One reader, Eileen Leroux, says she takes one or two days to do something frivolous or trivial to clear her mind for the job ahead.

2) WRITE A POSTCARD.

Another reader, Leslie Escoto, writes a note to her daughter on some pretty letter paper to get her heart involved. Then she is ready to tackle her writing assignment. Emotions are the seat of motivation. They can move you to take time to write, even if it isn’t always convenient to do so.

3) SLEEP ON IT.

Coming up with the introduction to a story is the most important piece of the puzzle for many writers. About 99% of the time, I will use an anecdote that makes the point I want my reader to “get” from my story. I think illustrations are very powerful and set the stage for what comes next.

This is where the sub-conscious part of your brain can be very helpful. After feeding in the facts, I tell myself I need a good intro, and then I go to bed for the night. Amazingly, many times I am awakened by the “You have mail” signal in the brain that supplies just what I need.

4) TAKE A SHOWER.

There’s something about directly stimulating the head with a lively flow of water that gets some people’s brains moving. Some folks report they often get their best ideas in the shower.
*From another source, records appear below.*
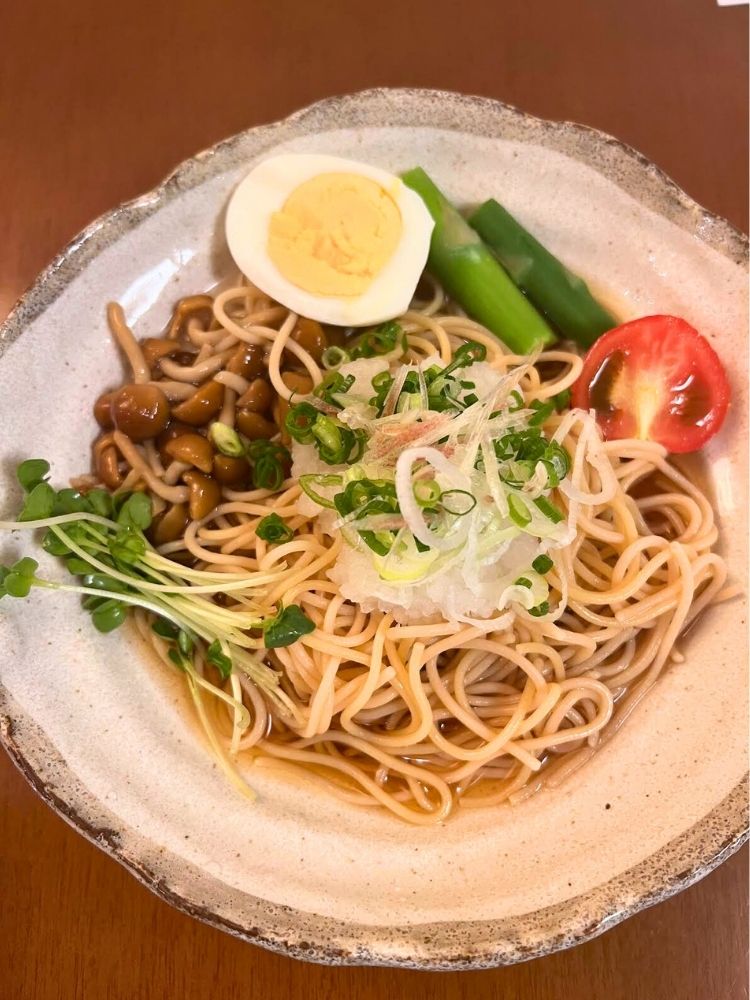 最近は暑い日も多くなってきたので、大根おろしやなめこなどを乗せてさっぱりと「なめこおろしそば風」でいただきました。市販のパスタと同じく電子レンジ調理器で茹でられるため、忙しいときでも効率よくご飯の準備ができます。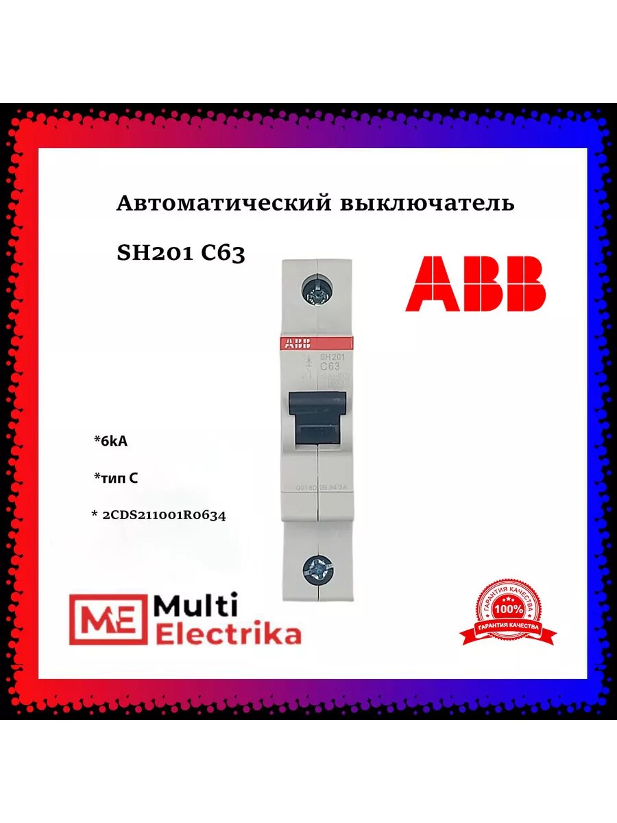 SH200 2CDS211001R0064 Автоматический выключатель однополюсный 6А (6 кА C) ABB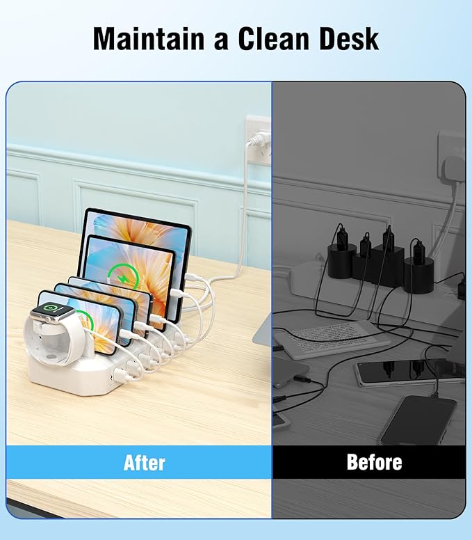 - ใConvenient and TidyใThis charging station for multiple devices is designed to power several gadgets simultaneously, making it a perfect solution for eliminating the clutter of tangled cables and multiple chargers.Multi usb charging station compact design not only saves space but also provides a neat and organized appearance. Ideal for maintaining a clean and orderly workspace, home, or travel setup, this usb c charging station simplifies your life by keeping your tech essentials in one convenient, organized location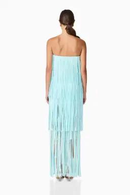 The Alya Tiered Maxi Dress in Blue pairs sleek minimalism with textural detail. Featuring a strapless, fitted bodice and softly tiered skirt, its delicate string overlays add movement and dimension. Crafted in high-stretch fabric and fully lined for comfort, it offers a flattering, structured fit with ease of wear. A hidden side zip ensures a seamless finish. Perfect for formal occasions or evening events, this modern silhouette shines with understated accessories.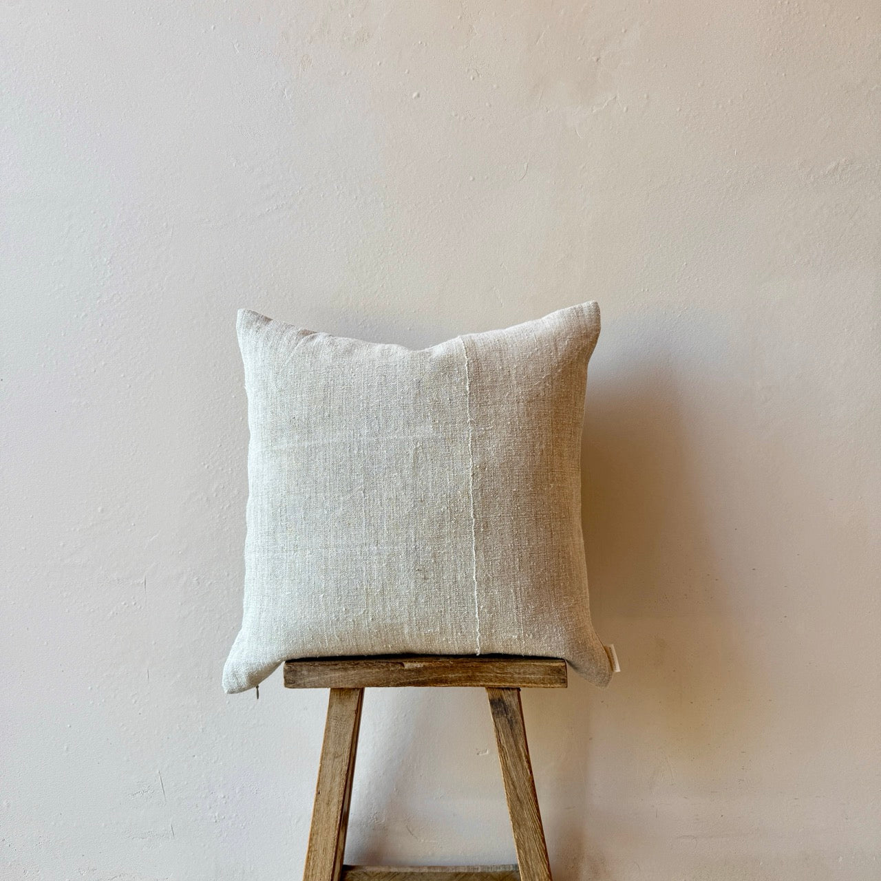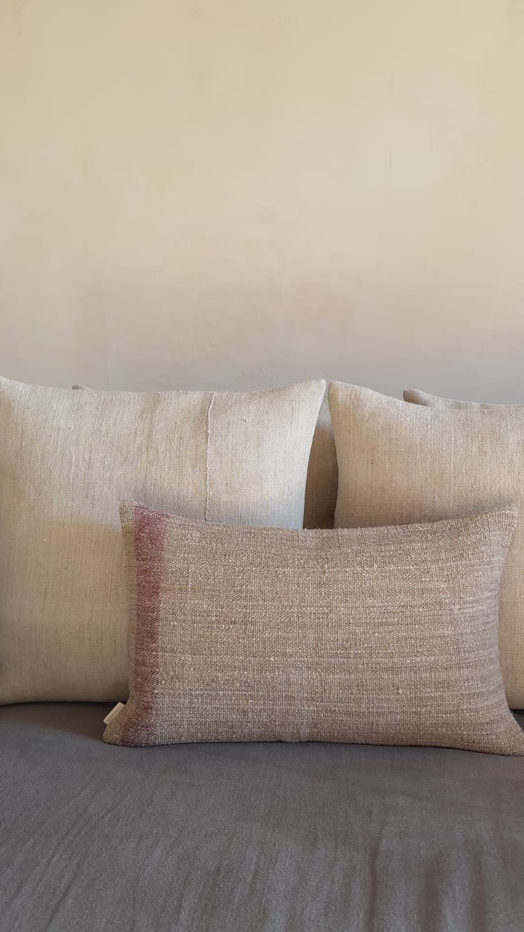 Cojín de lino vintage hecho a mano por una fundación sin ánimo de lucro que favorece la inserción laboral a personas con capacidades diferentes. Gracias a la naturaleza artesanal de este cojín, no hay dos iguales, lo que los convierte en piezas verdaderamente únicas.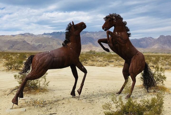 The desert outside San Diego doubles as a massive art gallery, with huge metal creatures scattered across the sand. A local millionaire filled this spot with pre-historic-themed dinosaurs, mammoths, and wild horses. Drive around at sunset when shadows make the sculptures look alive.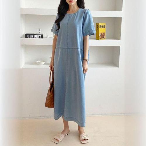 [에이치플러스몰]리사 데님 루즈핏 반팔 롱원피스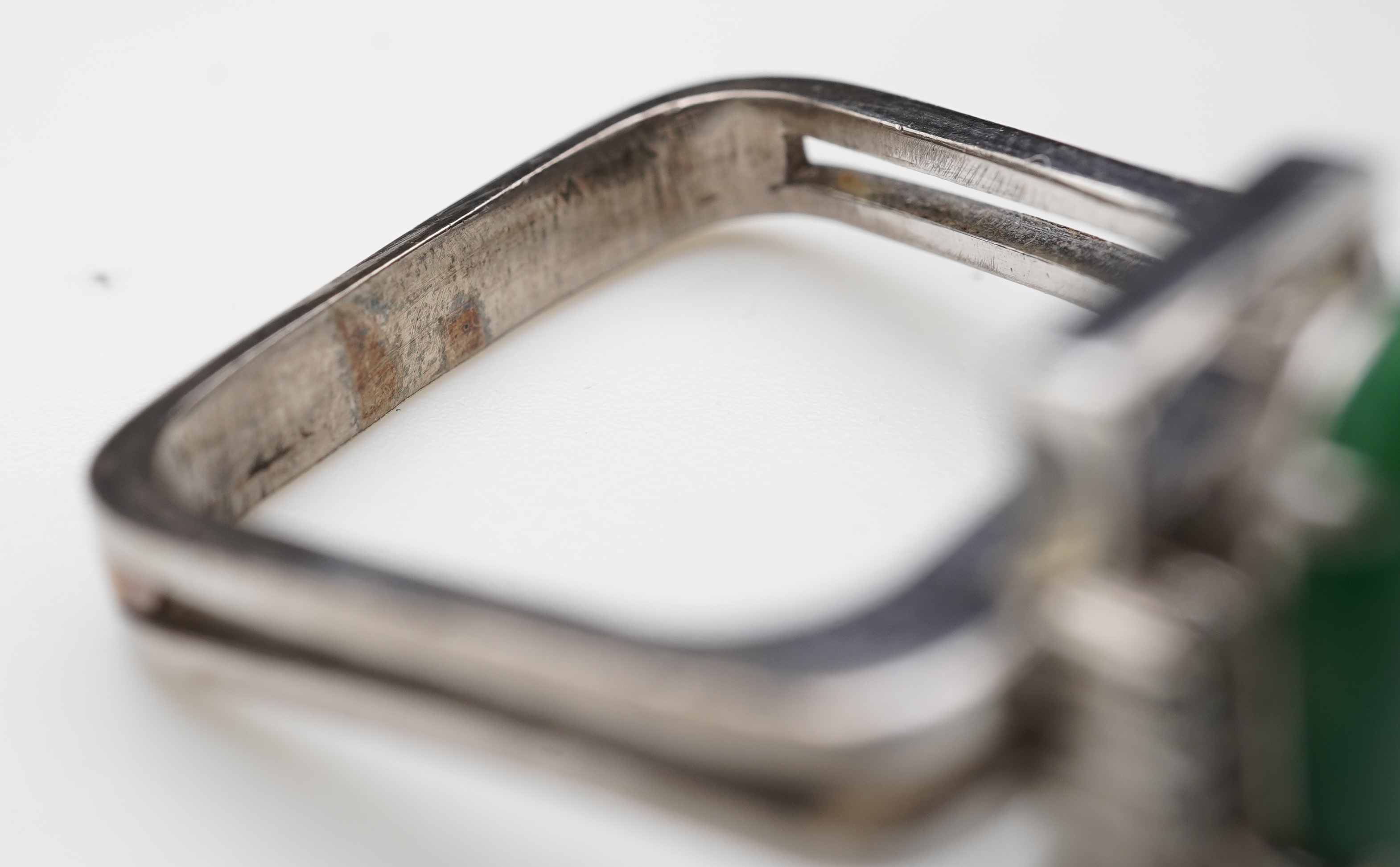 White metal unmarked - partial signature to ring but not possible to read. Likely white gold or platinum. Some surface-reaching fissures to jadeite, one jadeite link cracked.
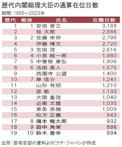 ■ 岸田首相は今のところ歴代32位、戦後17位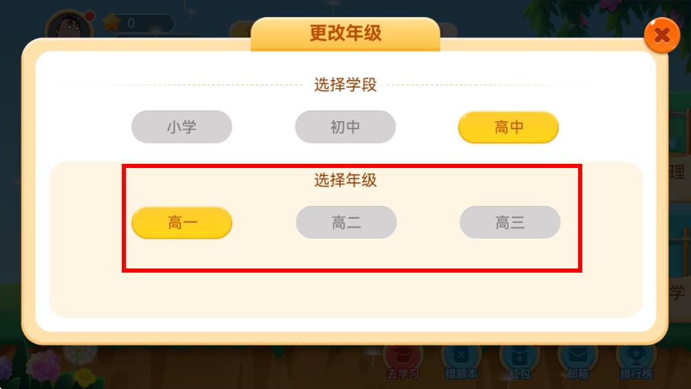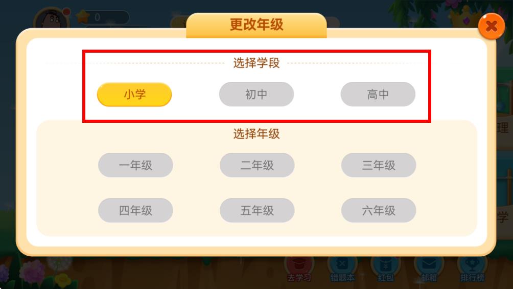 2、在更改年级界面的选择学段板块,根据需求点击小学、初中、或高中按钮,确定学段。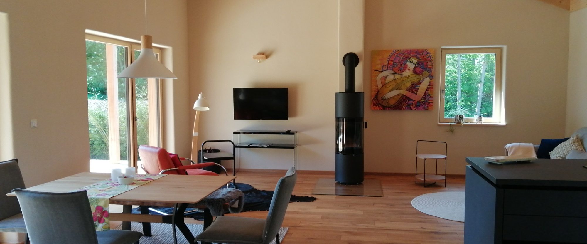 Der Holzofen im Wohnraum schafft an ruhigen Abenden eine gemütliche Atmosphäre.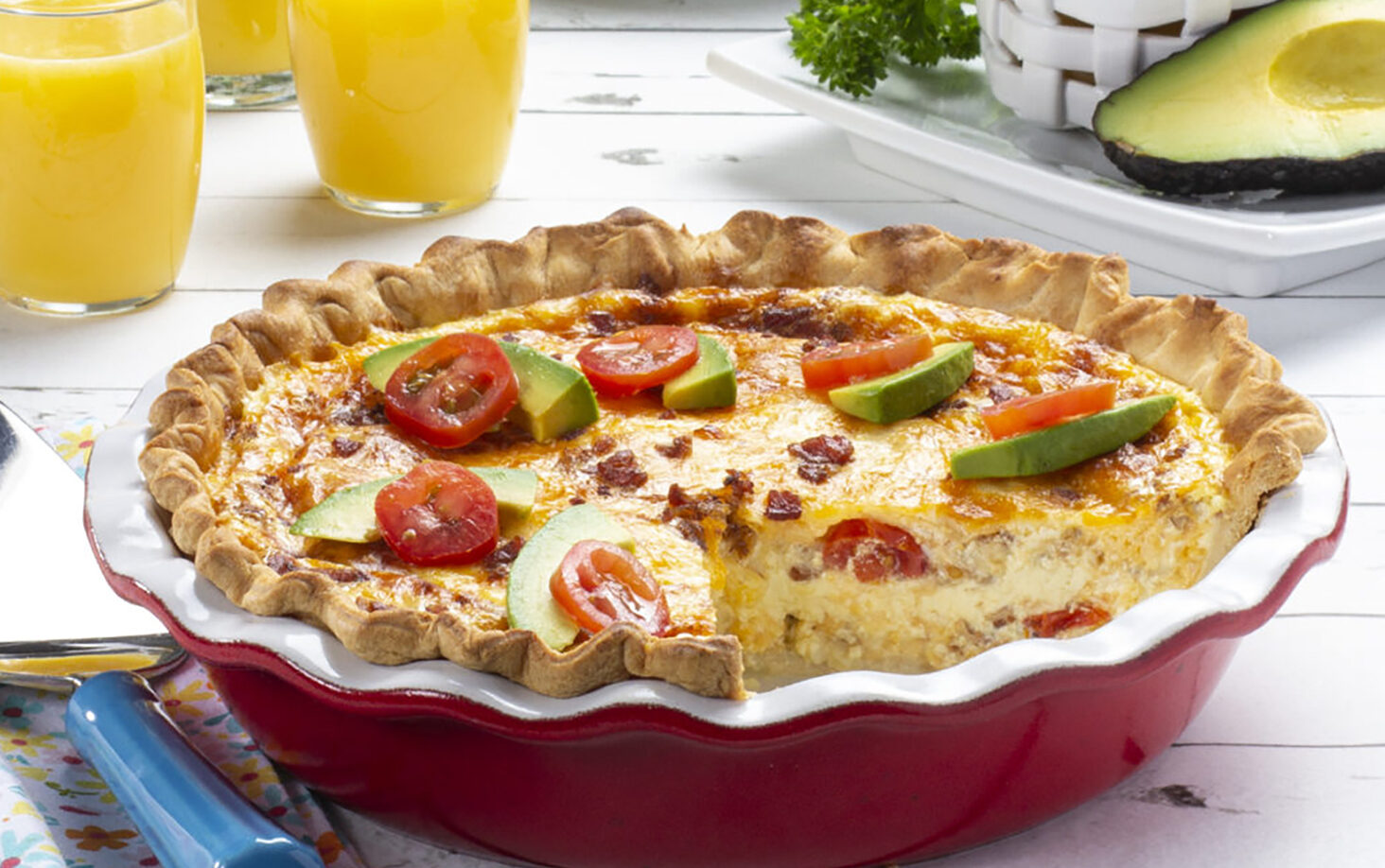 - Bake 45 to 55 minutes, or until center is set. Let sit for 10-15 minutes to firm up, then garnish with avocado wedges, cut into wedges, and serve.

5) FEED YOUR MIND THE INFORMATION IT NEEDS TO DO THE JOB.

For many writers this is the most enjoyable part of the project — research, interviews, reading over any press materials you have gathered on the subject. It is a little web-surfing and pulling facts you already know to the surface. This is really doing the homework of a writing assignment. It isn’t creative — at least not yet — but it is what leads to creativity.

This is also where many writers get stuck: They reason that as long as they are still gathering information they are making progress. But the truth is, there is a limit to what you will use. Some of the great novelists of the last century report they had ten times as much material as they had finished copy. Even those in-depth researchers knew there was a time to fish or cut bait!

6) SET A DEADLINE FOR YOURSELF.

Some of us just work better with a measurable time frame. Give yourself enough time so you are challenged to finish at a certain time and have every reason to think that is going to happen. Pace yourself through the several steps so that the joy of writing is part of your reward. I like to be finished early enough to put it on ice for a couple of days like a good spaghetti sauce. The last time I read it over, I will undoubtedly add just a touch of the right spice!